FIGURE SUMMARY
Title

Dynamic microRNA-101a and Fosab expression controls zebrafish heart regeneration

Authors
Beauchemin, M., Smith, A., Yin, V.P.
Source
Full text @ Development

Depletion of miR-101a expression promotes cardiomyocyte proliferation in the injured apex. (A-D) Control or Tg(hs:miR-101a-sp) animals were injured and subjected to daily heat treatment. Hearts were collected at 3dpa for histology, cryosectioned at 10µm and stained with antibodies to detect Mef2 (green) and Pcna (red) to identify proliferating cardiomyocytes (CMs) (arrowheads) at the injured apex (A,C) and lateral wall (remote zone) (B,D). Insets in A,C are higher magnifications of the areas within dashed boxes. (E) CM proliferation indices were determined by representing Mef+Pcna+ cells as a percentage of total Mef2+ cells. Depletion of miR-101a expression doubled CM proliferation indices at 3dpa in the injured apex but not in the remote zone. (F) qPCR studies show ~80% reduction of miR-101a expression levels in Tg(hs:miR-101a-sp) ventricles  (blue line) compared with the control group (red dashed line) under conditions of heat treatment. n=5-7; *P<0.05 (Student′s t-test); error bars represent s.e.m. HT, heat treatment.

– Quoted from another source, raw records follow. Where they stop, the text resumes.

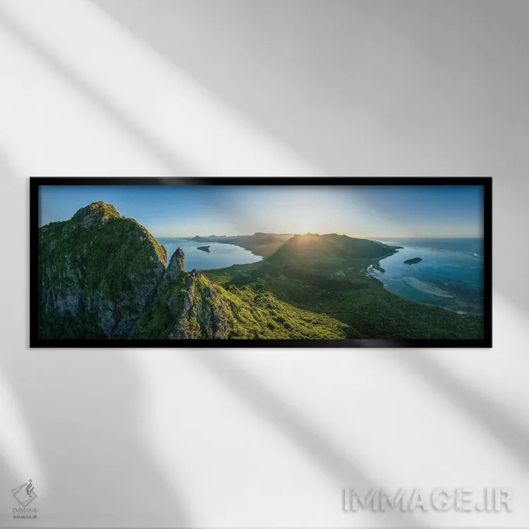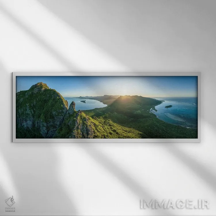 تابلو طلوع خورشید از بالای کوه لمورن برابانت در جزیره موریس اثر یان بکه - نمای قاب‌دار سفید
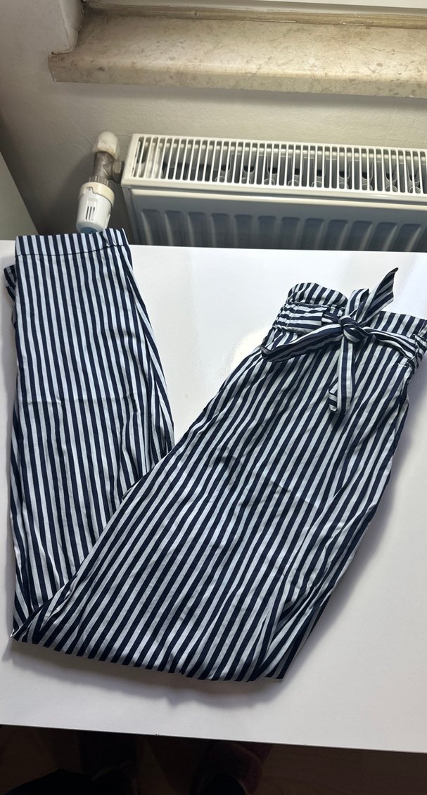 Uzun paçalı, pilili ve çizgili desenli kadın pantolonu. Mavi ve gri renklerde, sentetik kumaştan, günlük kullanıma uygun şık bir sokak stili parçası.
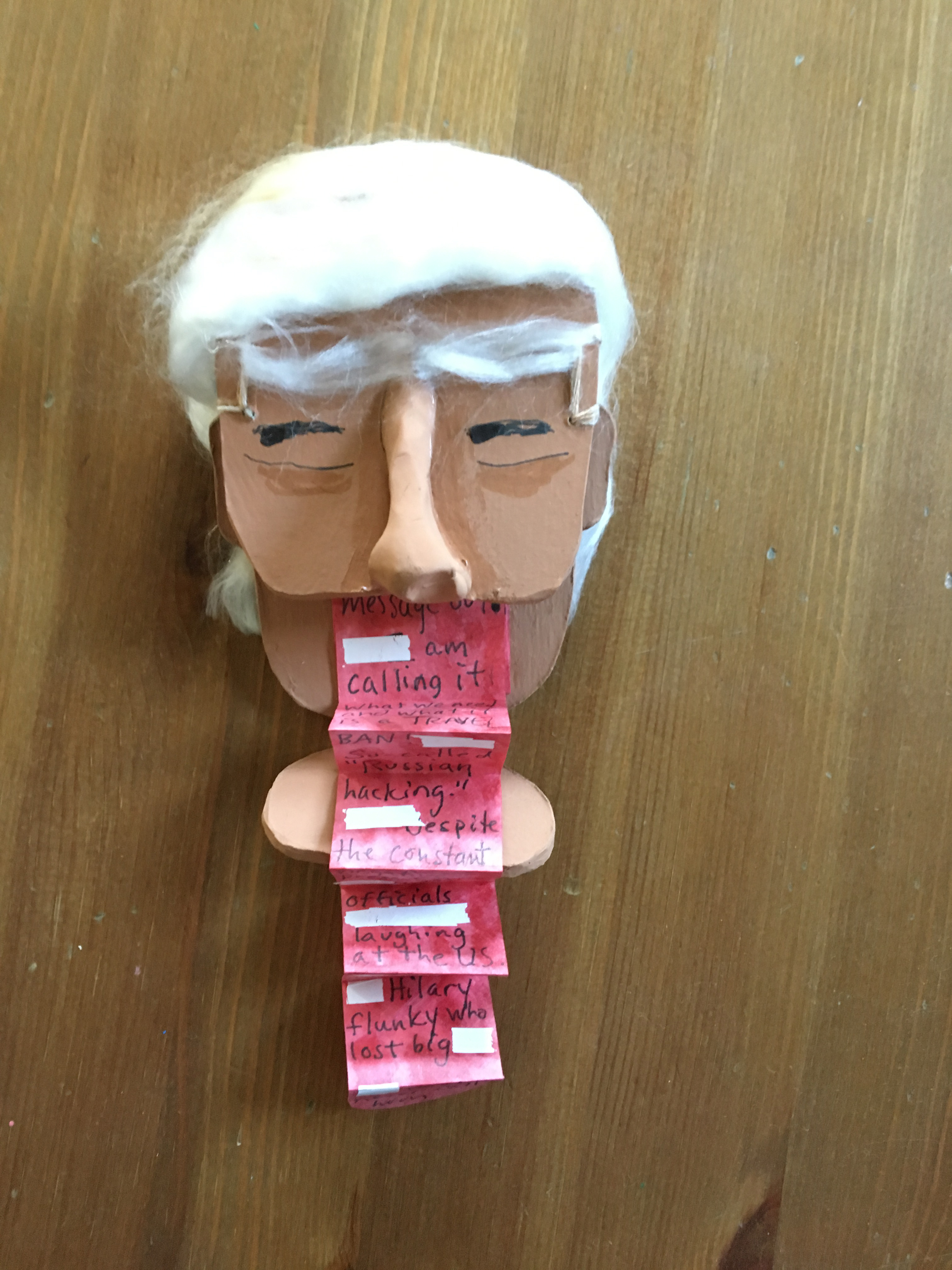 It’s fun to try to figure out new ways of opening them, making them talk, and feel like real little people with personalities that fit their forms. Sunglasses guy, for instance, contains a sonnet about mansplaining. Paola’s holds a short poem and collage about her origins. And “You Are What You Tweet’ is pretty self explanatory…the “head” is filled with candy wrappers and the tongue spews redacted nonsense.
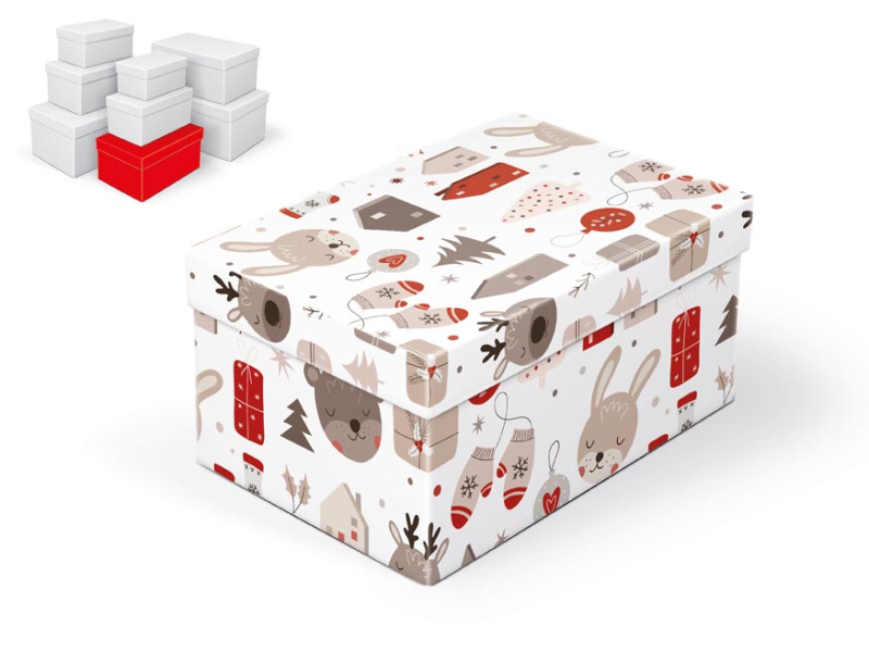 Vianočná darčeková krabička s rozmermi 24 x 16 x 12 cm Darčeková krabička s vianočnými motívmy. S touto krabicou bude Váš darček rýchlo a reprezentatívne zabalený. Dodávame len v súprave 8 darčekových krabičiek, ktoré sú v rovnakom dizajne, ale v rôznych veľkosiach. Pri vložení do košíka sa automaticky vložia i ostatné krabičky tak, aby ste mali v košíku vždy celú, kompletnú súpravu. Uvedená cena je za 1 ks. Materiál: 1,5 mm kartón potiahnutý luxusným papierom Súprava obsahuje tieto krabice: 5370923 Krabica darčeková vianočná B-V007-A 16x10x8 cm 5370924 Krabica darčeková vianočná B-V007-B 18x11x9 cm 5370925 Krabica darčeková vianočná B-V007-C 20x12x10 cm 5370926 Krabica darčeková vianočná B-V007-D 22x14x11 cm 5370927 Krabica darčeková vianočná B-V007-E 24x16x12 cm 5370928 Krabica darčeková vianočná B-V007-F 26x17x13 cm 5370929 Krabica darčeková vianočná B-V007-G 28x18x14 cm 5370930 Krabica darčeková vianočná B-V007-H 30x19x15 cm

Sustained suppression of miR-101a leads to increased scar tissue. (A-F) Wild-type and Tg(hs:miR-101a-sp) hearts were resectioned, heat treated daily and collected at 7, 14 and 30dpa for histology. Hearts were sectioned at 10µm and stained with Acid Fucshin Orange G (AFOG) to detect muscle (brown), collagen (blue) and fibrin (red). Arrowheads in F mark newly regenerated muscle; dashed lines indicate approximate resection injury plane. The penetrance of each phenotype is indicated (number showing the illustrated phenotype/total number of samples). (G) Scarring indices were established by quantifying the percentage of collagen and fibrin within the total injury area at the indicated time points using CellProfiler. Prolonged depletion of miR-101a led to greater scar tissue at 14 and 30dpa compared with control. (H) Injury size was comparable between the groups as shown by quantification of total injury area. n=5-14; *P<0.001 (Student′s t-test); error bars represent s.e.m.

Upregulation of miR-101a between 7 and 14dpa is essential for scar tissue removal. (A-I) Control and Tg(hs:miR-101a-sp) animals were subjected to ventricular resection and heat treated at defined intervals. Hearts were collected at 30dpa and processed for AFOG staining to identify scar tissue. (A-C) Heat-treated induced depletion of miR-101a from 0 to 7dpa did not alter scar tissue removal between control and Tg(hs:miR-101a-sp) hearts. (D-F) Suppression of miR-101a expression between 7 and 30dpa resulted in increased scarring in Tg(hs:miR-101a-sp) hearts, compared with controls. (G-I) miR-101a suppression from 14 to 30dpa, however, led to normal scar tissue clearance in control and Tg(hs:miR-101a-sp) hearts. Dashed lines indicate approximate resection injury plane. (J) Quantification of scarring indices demonstrates that increased miR-101a expression at 7-14dpa is required for scar tissue clearance. ct, control. n=4-8; *P<0.01 (Student′s t-test); NS, not significant; error bars represent s.e.m.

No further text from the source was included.